Freud's fascination with Moses was so
intense that he confessed to a friend that the prophet wouldn't let go of
his imagination. Freud struggled to finish his final book, Moses and
Monotheism, before the Nazis overran Vienna. The moral of Moses and
Monotheism is that resistance is possible. Moses, the "hero of
civilisation", renounces pleasure and desire in the name of something
greater and teaches others to do the same.
Review by Bryan Appleyard The Sunday Times, August 12, 2007
Sigmund Freud created the discipline of psychoanalysis. In reading, Freud
attempted to consume all of world history as if he would be satisfied with
nothing less than a psychoanalysis of the entire planet. What he was seeking
was universality. Psychoanalysis is the attempt to unearth the deep psychic
structures of humanity. He sought laws of the psyche as solid as those of
physics.
Freud saw tyranny as an entirely predictable product of the
need to seek consolation and escape from one's own predicament by placing
one's destiny in the hands of the dictator/father.
Mark Edmundson
celebrates the possibility of the truly self-aware person "continually in
the process of deconstructing various god replacements and returning once
again to a more sceptical and ironic middle ground". Such people cannot fall
for tyranny.
This seems to replay a familiar religious myth of
transfiguration and saves Freud's greatness. Edmundson portrays him as a
great prophet and moralist. Freud's death was the death of a prophet.
Edmundson's Freud saw himself as Moses.
AR A worthy book, certainly, but I baulk at
regarding Sigmund Freud, any more than Karl Marx, as a new Moses.
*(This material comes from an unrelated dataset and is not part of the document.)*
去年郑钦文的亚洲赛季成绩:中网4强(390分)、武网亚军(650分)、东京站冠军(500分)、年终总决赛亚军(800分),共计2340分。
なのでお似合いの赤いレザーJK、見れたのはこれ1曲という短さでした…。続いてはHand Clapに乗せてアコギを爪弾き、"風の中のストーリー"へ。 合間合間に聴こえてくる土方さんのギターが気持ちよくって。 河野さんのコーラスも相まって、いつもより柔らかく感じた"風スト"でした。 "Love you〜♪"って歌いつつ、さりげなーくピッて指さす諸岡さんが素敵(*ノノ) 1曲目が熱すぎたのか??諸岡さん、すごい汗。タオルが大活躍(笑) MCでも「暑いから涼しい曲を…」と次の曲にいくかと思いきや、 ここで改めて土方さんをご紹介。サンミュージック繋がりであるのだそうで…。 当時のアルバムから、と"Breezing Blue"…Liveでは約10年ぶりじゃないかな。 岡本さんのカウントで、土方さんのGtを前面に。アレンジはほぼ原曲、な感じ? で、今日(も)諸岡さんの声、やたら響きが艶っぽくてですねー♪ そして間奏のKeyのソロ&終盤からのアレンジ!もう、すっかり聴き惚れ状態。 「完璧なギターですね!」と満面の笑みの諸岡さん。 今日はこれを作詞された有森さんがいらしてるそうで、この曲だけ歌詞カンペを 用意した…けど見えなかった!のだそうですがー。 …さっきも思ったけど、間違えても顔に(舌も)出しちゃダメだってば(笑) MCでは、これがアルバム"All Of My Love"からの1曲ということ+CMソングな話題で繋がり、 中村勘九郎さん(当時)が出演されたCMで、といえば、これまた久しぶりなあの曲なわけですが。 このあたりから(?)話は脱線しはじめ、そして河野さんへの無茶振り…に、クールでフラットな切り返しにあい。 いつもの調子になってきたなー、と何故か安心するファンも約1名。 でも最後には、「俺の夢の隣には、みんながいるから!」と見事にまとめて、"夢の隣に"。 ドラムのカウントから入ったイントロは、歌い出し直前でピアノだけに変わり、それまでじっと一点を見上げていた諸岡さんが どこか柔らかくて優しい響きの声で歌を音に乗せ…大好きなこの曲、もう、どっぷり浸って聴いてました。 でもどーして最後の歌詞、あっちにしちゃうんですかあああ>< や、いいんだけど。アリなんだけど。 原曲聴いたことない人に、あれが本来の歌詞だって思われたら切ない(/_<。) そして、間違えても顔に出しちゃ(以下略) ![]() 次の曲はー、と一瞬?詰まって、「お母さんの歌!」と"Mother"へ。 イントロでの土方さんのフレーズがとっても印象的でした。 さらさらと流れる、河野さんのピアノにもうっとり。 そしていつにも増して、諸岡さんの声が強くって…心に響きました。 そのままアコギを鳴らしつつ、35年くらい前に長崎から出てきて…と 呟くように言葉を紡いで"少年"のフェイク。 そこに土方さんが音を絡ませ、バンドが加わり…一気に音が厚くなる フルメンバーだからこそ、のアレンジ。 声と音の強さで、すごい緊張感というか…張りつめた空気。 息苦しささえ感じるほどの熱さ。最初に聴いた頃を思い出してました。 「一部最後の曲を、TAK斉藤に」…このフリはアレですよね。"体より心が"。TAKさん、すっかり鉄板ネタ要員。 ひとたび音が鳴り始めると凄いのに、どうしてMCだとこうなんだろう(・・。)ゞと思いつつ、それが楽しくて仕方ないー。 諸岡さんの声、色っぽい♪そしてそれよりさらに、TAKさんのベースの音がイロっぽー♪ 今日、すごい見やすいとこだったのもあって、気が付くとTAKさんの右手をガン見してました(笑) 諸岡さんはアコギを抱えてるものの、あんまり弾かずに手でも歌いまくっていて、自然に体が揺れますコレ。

As Karl
Popper said, neither were scientists in the sense of creating falsifiable
theories, whereas Albert Einstein
was, as well as
Time Magazine's Person of the Century, so Einstein is the first of the
new Jewish trinity (or perhaps Marx the Father, the Old Testament tyrant,
Freud the Son, with his thing about love, and Einstein the Holy Ghost,
pervading all of spacetime with spooky momenergy).
Behavioral Genetics
By Carol
Tavris The Times Literary Supplement, April 16, 2008
Edited by Andy Ross
Personality: What makes you the way you are By Daniel Nettle Oxford
University Press, 298 pages
Sigmund Freud's answer to Daniel Nettle's question would have begun with
your unconscious mind: the unique pattern of fantasies, defences, and
instinctual conflicts that create your neurotic insecurities and
self-defeating habits.
Today, personality researchers almost
uniformly agree that the things that make you the way you are consist of a
combination of your genes, your peers and the idiosyncratic, chance
experiences that befall you in childhood and adulthood.
Freud's view
of personality was passionate, controversial, sexy, unfalsifiable and wrong.
The behavioral-genetics view of personality is calm, uncontroversial,
empirically testable and correct.
Evolutionary theory, the genome
project, studies of identical twins reared together and apart, and
brain-imaging techniques have enabled scientists to identify the differences
in how people's nervous systems are wired up and how those differences
express themselves in characteristic responses to other people and to
events. These characteristic responses statistically cluster into five basic
factors: extraversion, neuroticism, agreeableness, conscientiousness, and
openness to experience.
Because human beings have complex,
sense-making minds, they are forever telling stories about themselves to
explain why they are the way they are. Our storytelling brains make each of
us unique.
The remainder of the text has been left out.